The team had built on the Assistants API in late 2024 because the file_search tool meant nobody had to think about embeddings or chunking. It worked. For eighteen months the bills also dropped on schedule, two cuts a year, like clockwork. Then in Q1 2026 they stopped, and the curve started bending the other way. Hacker News had picked up the AI is slowing down framing the same week the invoice landed; capacity was tight, frontier-model prices had quietly reset upward, and the planned discount path had not materialized.

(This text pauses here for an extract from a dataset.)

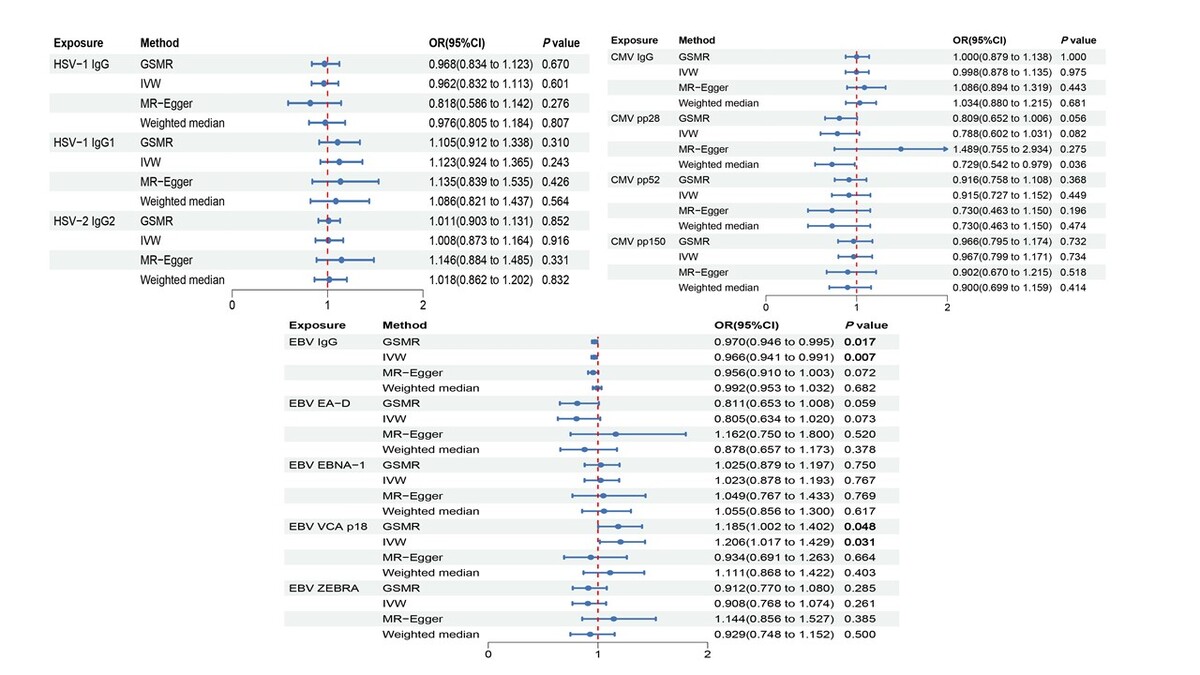 The data for different antibodies against herpes simplex virus (HSV), cytomegalovirus (CMV), and Epstein-Barr virus (EBV) were obtained from the IEU GWAS database (https://gwas.mrcieu.ac.uk/datasets/), and the data for IPF were obtained from the Finngen GWAS database (https://r7.finngen.fi/). We selected eligible single nucleotide polymorphisms (SNPs) from summary-level data of GWAS as instrumental variables. The Generalized Summary data-based MR (GSMR) method was used as the main analysis method, complemented by inverse-variance weighted (IVW), MR-Egger, and weighted median analyses. Sensitivity analyses were conducted to check the robustness of the MR results, and reverse MR analyses were performed to assess the presence of reverse causality.

This is the playbook we used to move that company off OpenAI Assistants onto self-hosted vLLM plus Qdrant in four weeks. The cost numbers on both sides are at the bottom. So are the two outages that nearly killed the project in week two and week four.
What the agent actually did
The agent ingested unstructured shipment documents (bills of lading, customs forms, supplier invoices, mostly PDF and JPG) and emitted a structured JSON record for the operations team's dashboard. It also answered freeform questions from operators in the warehouse through a thin chat UI. Three things mattered:
- ~24,000 documents per month, peaking at ~1,800 per hour during the morning customs window.
- Retrieval against a 380k-chunk knowledge base of tariff codes, country rules, and the company's own SOPs.
- An average of 11 tool calls per agent run (PDF parse, code lookup, validate, write back).
The OpenAI bill at decision time was 11,400 euros in March 2026, projected to 14,200 in April. The board wanted that under 4,000.
Baseline before anything else
You cannot tune what you have not measured. Week one was not migration. It was instrumentation. We added a thin OpenTelemetry wrapper around every Assistants call and shipped traces to a local Tempo instance.
from opentelemetry import trace
tracer = trace.get_tracer("agent.shipment")
with tracer.start_as_current_span("assistant.run") as span:
span.set_attribute("doc.id", doc_id)
span.set_attribute("doc.pages", page_count)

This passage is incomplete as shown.